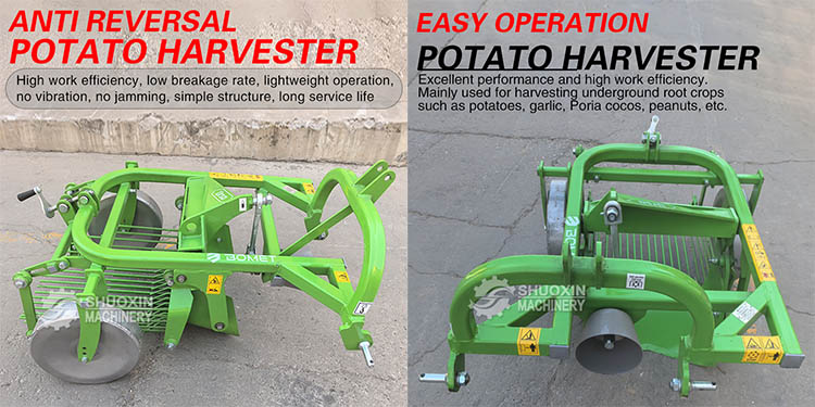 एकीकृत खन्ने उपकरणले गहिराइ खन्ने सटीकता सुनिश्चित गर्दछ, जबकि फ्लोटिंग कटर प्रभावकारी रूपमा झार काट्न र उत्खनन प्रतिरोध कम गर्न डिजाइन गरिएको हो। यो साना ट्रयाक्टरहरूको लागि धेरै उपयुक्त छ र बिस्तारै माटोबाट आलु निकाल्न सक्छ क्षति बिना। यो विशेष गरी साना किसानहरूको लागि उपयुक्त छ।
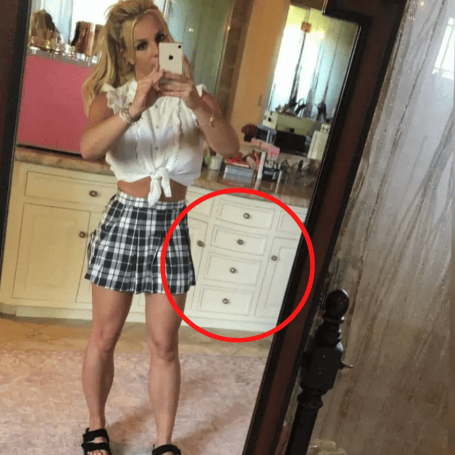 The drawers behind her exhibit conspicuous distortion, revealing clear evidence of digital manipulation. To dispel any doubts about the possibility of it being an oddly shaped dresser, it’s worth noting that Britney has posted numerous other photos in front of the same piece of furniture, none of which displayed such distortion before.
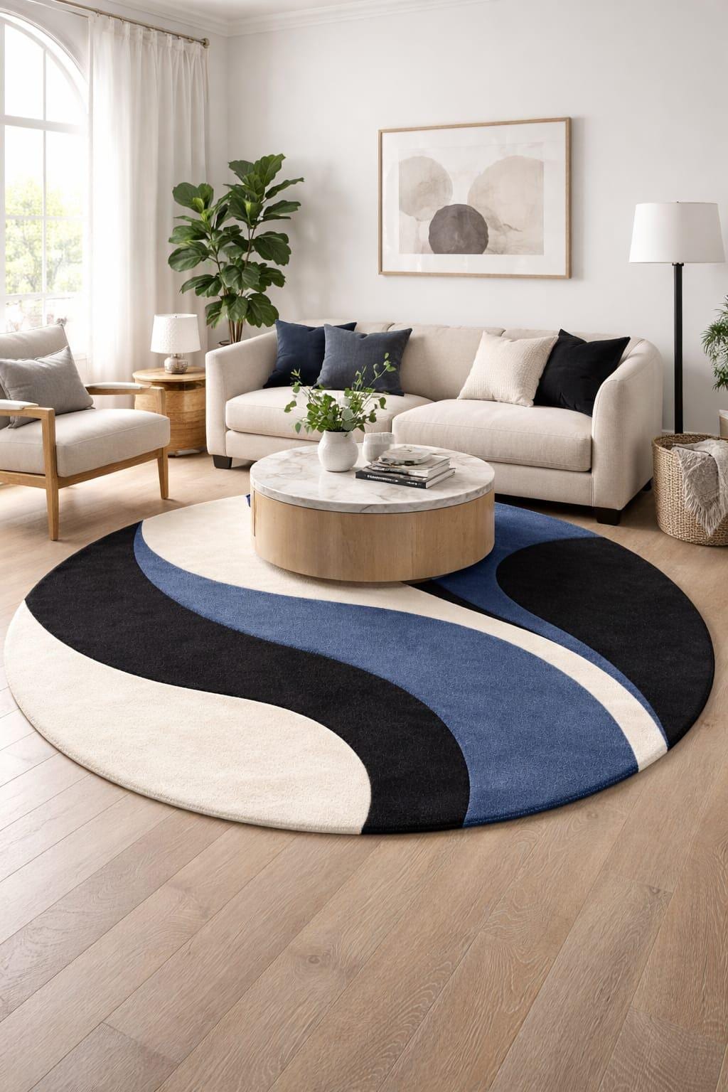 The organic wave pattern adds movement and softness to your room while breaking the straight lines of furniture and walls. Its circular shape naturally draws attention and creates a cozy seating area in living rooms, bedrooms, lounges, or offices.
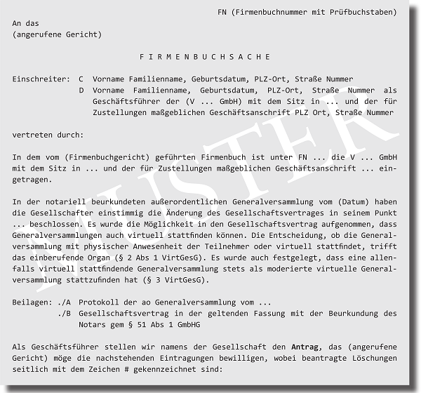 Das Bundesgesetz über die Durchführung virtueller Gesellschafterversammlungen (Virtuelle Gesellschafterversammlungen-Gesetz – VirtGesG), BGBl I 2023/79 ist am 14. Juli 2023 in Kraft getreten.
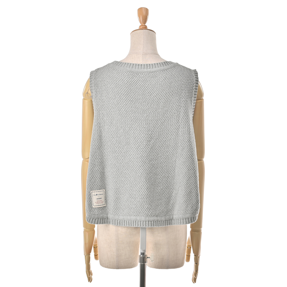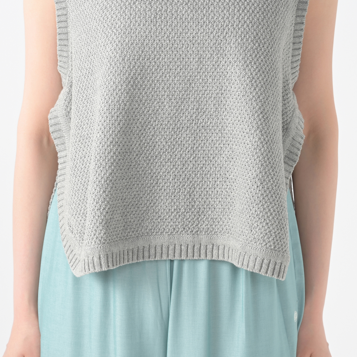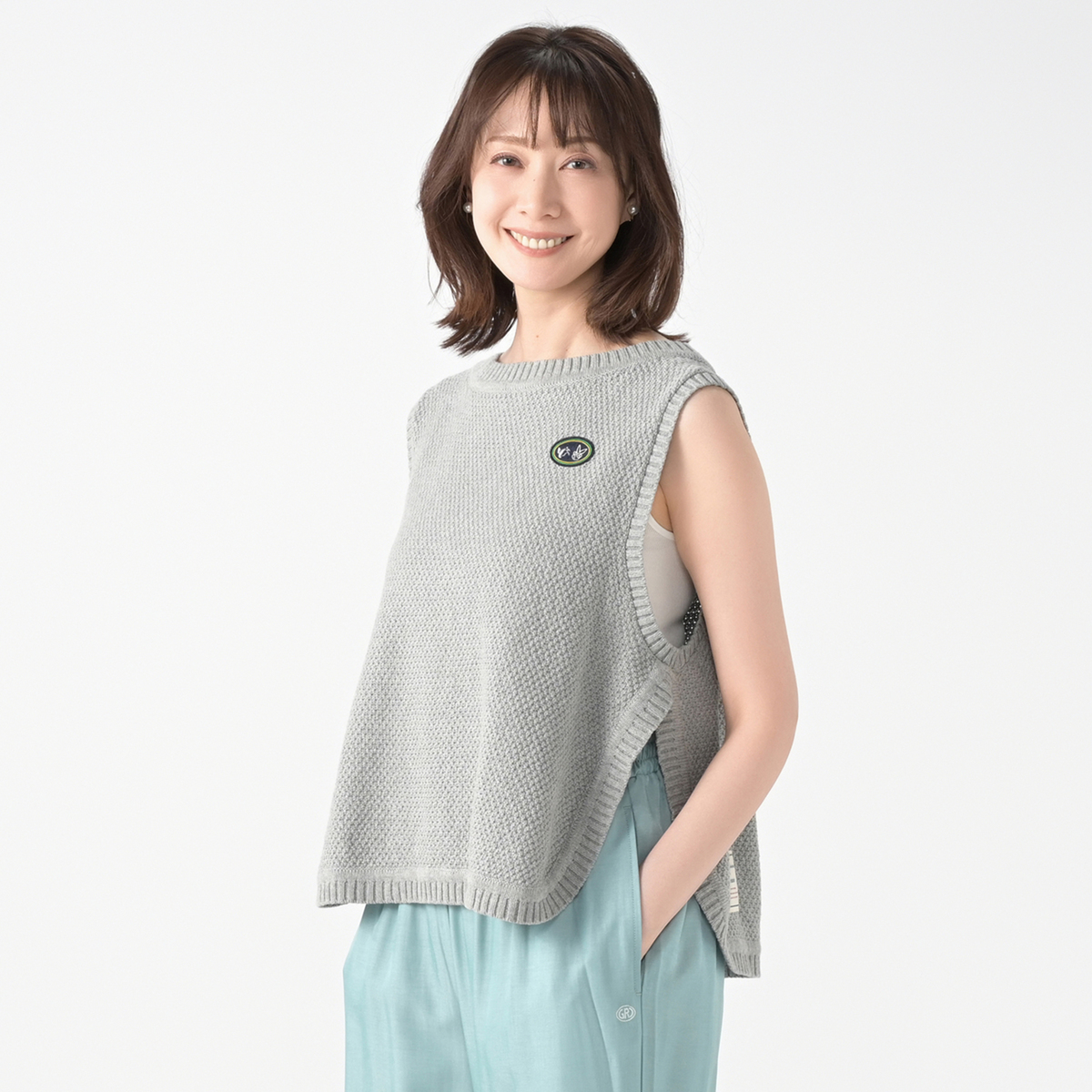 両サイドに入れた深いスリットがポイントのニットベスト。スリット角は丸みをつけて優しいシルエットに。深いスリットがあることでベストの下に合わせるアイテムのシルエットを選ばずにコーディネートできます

=======

* Your task *
Everything from the line with "The organic wave" through the last line above should be reproduced exactly, both ends included; pictures must be omitted.

* Worked solution *
 The organic wave pattern adds movement and softness to your room while breaking the straight lines of furniture and walls. Its circular shape naturally draws attention and creates a cozy seating area in living rooms, bedrooms, lounges, or offices.
 Das Bundesgesetz über die Durchführung virtueller Gesellschafterversammlungen (Virtuelle Gesellschafterversammlungen-Gesetz – VirtGesG), BGBl I 2023/79 ist am 14. Juli 2023 in Kraft getreten.
 両サイドに入れた深いスリットがポイントのニットベスト。スリット角は丸みをつけて優しいシルエットに。深いスリットがあることでベストの下に合わせるアイテムのシルエットを選ばずにコーディネートできます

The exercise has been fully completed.